Judy was terrified, too--of everything. Surrounded by typical stroke victims three and four times her age, she considered the notion that fearlessness is a privilege of the young, and she suddenly felt ancient. "I should have been at Cornell taking psychology and dance classes. Instead, I was lying motionless in a rehabilitation hospital after a totally devastating stroke," Judy says. "I was a statistical oddity, and I hated it intensely." Yet at the same time, she felt as helpless as an infant. When a therapist took her to see the newborn babies in the hospital, she found herself staring at them with an odd sense of understanding. "I know just how you feel, baby," she thought, as the nurse held up a sick male newborn. "You can't talk either. All your muscle movement is involuntary. I'm exactly like you."

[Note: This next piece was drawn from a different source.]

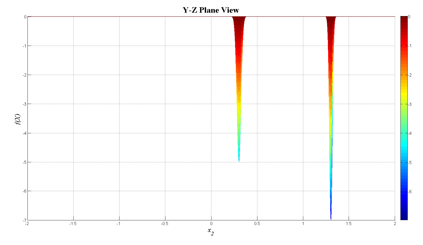 f(i)=-5*exp(-1000*(x1(j)-0.5).^2-1000*(x2(i)-0.3)^2)-7*exp(-2000*(x1(j)-0.8).^2-2000*(x2(i)-1.3)^2);

It quickly became apparent, in fact, that baby steps were her route to independence. Ridding herself of her tracheostomy tube, for instance, was a matter of quite literally learning how to breathe all over again. By regulating the size of the opening in her trache tube--making it gradually smaller and smaller--she was made to breathe more and more on her own, until finally the trache was removed just before Judy was transferred to the rehabilitation center. She would spend the next twenty months there, sharing a room with three other patients, several of whom were highly inappropriate. One roommate was blind, for instance. Since Judy communicated with eye blinks, they had no way of conversing. Another roommate was so senile that she told Anne Mozersky that her daughter actually spoke when no one else was around.

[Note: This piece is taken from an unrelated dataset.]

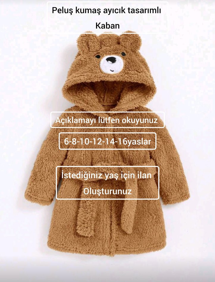ürün: tam kışlık kız ve erkek çocukların kullanılabileceği soğuğa ve rüzgara dayanıklı sıcak tutacak peluş kaban kumaş: hem rengi ile hem kalınlığı ile hem dokunuşuyla çok güzel bir hoş bir kumaştan üretilmiştir çift taraflı welsoft kumaştır ekstra kalın ve ekstra sıcak tutan bir kumaştır üretimi kendi modem tarafından yapılmaktadır taktiklerinden sakınınız 6 8 10 12 14 16 yaşlarında üretim yapılmaktadır resimleriniz sonunda ölçüm tablosu bulunmaktadır eğer çocuğunuz farklı ölçülere sahipse vereceğiniz özel ölçülerde üretimde sağlamaktayız hangi yaş istiyorsanız yorumlarda belirtin ve yeni ilan oluşturun iade ve değişimdee yardımcı olmaktayım
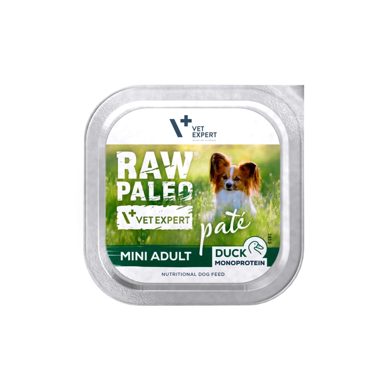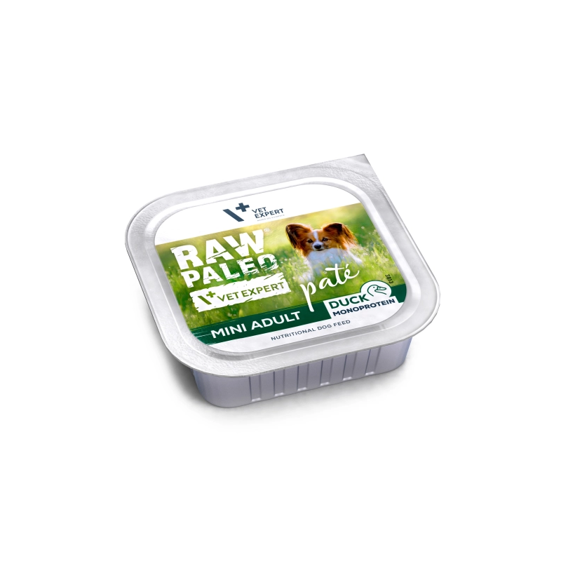 Karma Raw Paleo Pate Mini Adult Duck jest kompletną i zbilansowaną karmą, w postaci delikatnego i wyjątkowo smakowitego pasztetu, przeznaczoną dla zdrowych psów ras małych. Receptura karmy oparta jest tylko na jednym źródle białka zwierzęcego, którym jest kaczka, co pomaga ograniczyć ryzyko wystąpienia alergii pokarmowych. Bez dodatku zbóż.

Indeed, communication remained the hub of Judy's frustration. Though she now admits she fit the textbook definition of a bad patient--one who demanded a great deal of time and attention--she also became an expert on the relative quality of health care. She adored some of her nurses, the ones who took the time to get to know her preferences and her personality. She despised others--the ones who didn't bother to learn how to spell with her, or who ignored the fluttering of her eyes that amounted to her only call bell. Occasionally, it was the little things that added to the frustration, like the time a nurse made the mistake of running a comb through her freshly permed hair. But usually, bigger things were on her mind. "I would lie in my bed terrified and sobbing because I couldn't sleep.I would think terrible thoughts like 'What if I have a migraine?' or 'What if I have another stroke?' Nobody would know. I was afraid of dying and yet I yearned for the sweet release of death."
And then one night, her fears were realized. She developed a frightening migraine and waited--and waited, and waited. When nurses finally checked on her, she batted her eyes vigorously, indicating she wanted to spell. But these nurses didn't know her well and didn't know how to spell with her. "They thought I was being cute and funny!" Judy recalls. She lay awake with an untreated migraine until morning.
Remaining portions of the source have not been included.